Intel has been under the pump for the past couple of months. It all started with Apple dumping the American chipset maker and deciding to go with their own Silicon-based chipsets.

It seems that Intel might be dealt another jolt as according to a Bloomberg report, Microsoft will be the next to dump Intel and deploy its own ARM-based chipsets in its next lineup of Surface laptops and its cloud infrastructure.

New chipset new plans

While there haven’t been many details that have been leaked about the chipset, reports suggest that the same chipset will also be used in some of Microsoft’s data centres.
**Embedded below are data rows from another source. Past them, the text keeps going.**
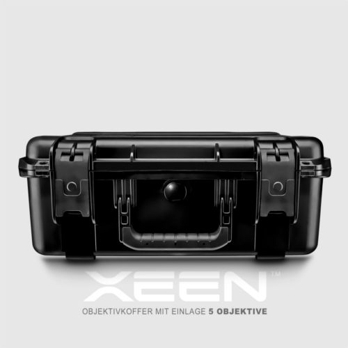 - Dazu ein extrem stabiler Koffer mit Druckausgleich und exakt auf XEEN CF Objektive angepasster Hartschaumeinlage, absperrbar mit 2 Vorhängeschlössern, wasser- und staubdicht, bruchsicher, schwimmfähig
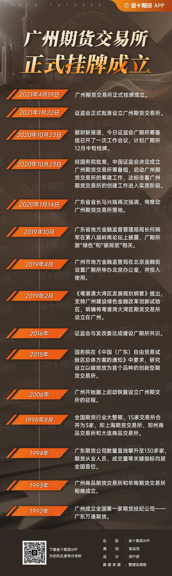 据金十期货APP 2021年4月19日,广州期货交易所揭牌仪式举行。广东省委书记李希、中国证监会主席易会满共同为广州期货交易所揭牌。广东省委副书记、省长马兴瑞,广东省委常委、广州市委书记张硕辅,广东省委常委、省委秘书长张福海参加揭牌仪式。中国证监会副主席方星海,广东副省长张新,广州市长温国辉分别致辞。设立广州期货交易所是落实党中央国务院决策部署,健全多层次资本市场体系、服务粤港澳大湾区和国家“一带一路”建设的重要举措。下一步,证监会将指导广州期货交易所,坚定不移贯彻新发展理念,立足服务实体经济、服务绿色发展,坚持市场化、法治化、国际化方向,以产品、制度、技术创新为引领,积极稳妥推进期货市场建设,更好服务我国生态文明建设和经济高质量发展。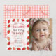 The entire design is set against a soft, light red gingham background that gives it a sweet, airy, and "Cottage core" feel. Charming watercolor strawberries and dainty red bows accent the corners, making it the perfect choice for a summer picnic, a garden party, or a "Sweet One" celebration.
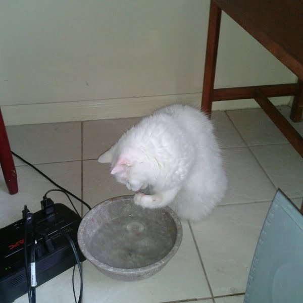 He'll only drink with his paw, gets water everywhere!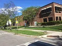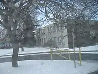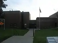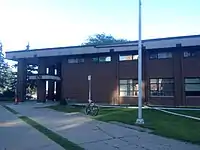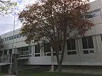 Until 1973, the board offices was also located at Scarborough Municipal Offices at 2100 Eglinton Avenue near Birchmount Road (built after World War II now demolished and site of parking lot). The new SBE administrative offices, located at 2466 Eglinton Avenue East (northside of Eglinton and west of Midland Avenue) and designed by architect Harold Carter, were built in 1954 and administrative operations were relocated in 1973. The former building was declared redundant by 1986 and was replaced by Rainbow Village condos in 1990.[32]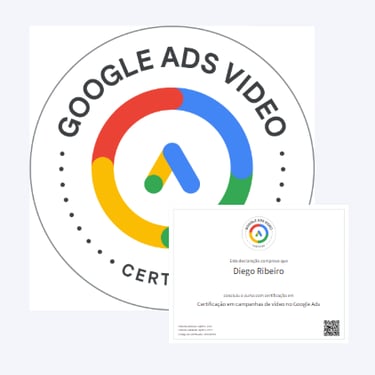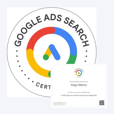 Diego possui 5 certificações internacionais do Google, demonstrando sua proficiência em geração de leads e otimização de campanhas orientadas por ROI. No marketing não basta apenas gerar leads é preciso saber fazer a gestão eficiente, por isso Diego também é certificado em RD Station Marketing Avançado, o que faz ele ter uma visão de todo o processo da jornada do cliente. Em 2021, ele foi aceito no programa de treinamento seletivo da V4 Company, uma das principais empresas de marketing digital do Brasil.

The company is also exploring the option to deploy its new chipsets in the upcoming Surface laptops but reports suggest that it’s more likely to be used in the cloud context rather its computers.

At the moment, Microsoft uses Intel-based processor exclusively to power its Azure cloud services. Intel commands a dominant role in the cloud storage space with up to 90 percent share in that segment.

When the news of the development broke out, Intel’s shares dropped almost 6.3 percent at the close of the trading day.

Why the switch?

Speaking to Engadget, Microsoft spokesperson Frank Shaw said that “because silicon is a foundational building block for technology, we’re continuing to invest in our own capabilities in areas like design, manufacturing and tools, while also fostering and strengthening partnerships with a wide range of chip providers.”

Stuck in the pipeline

This is not the first time that Microsoft has suggested that it wishes to explore new chipset makers. The company has dabbled with ARM-based chipsets in the past as well when it partnered with Qualcomm for the Surface Pro X for its SQ1 processors. Microsoft worked with the chipset maker to augment the chipset as per its needs.

It was back in 2018 that Microsoft said that it had considered using the ARM-based chipsets from Qualcomm in its Surface Go lineup but later opted-out after Intel had reportedly petitioned it against the idea.

Since Intel has already lost its allegiances with Apple, this move could be a massive blow for Intel which accounts for more than 95 percent of Microsoft’s entire PC and laptop lineup.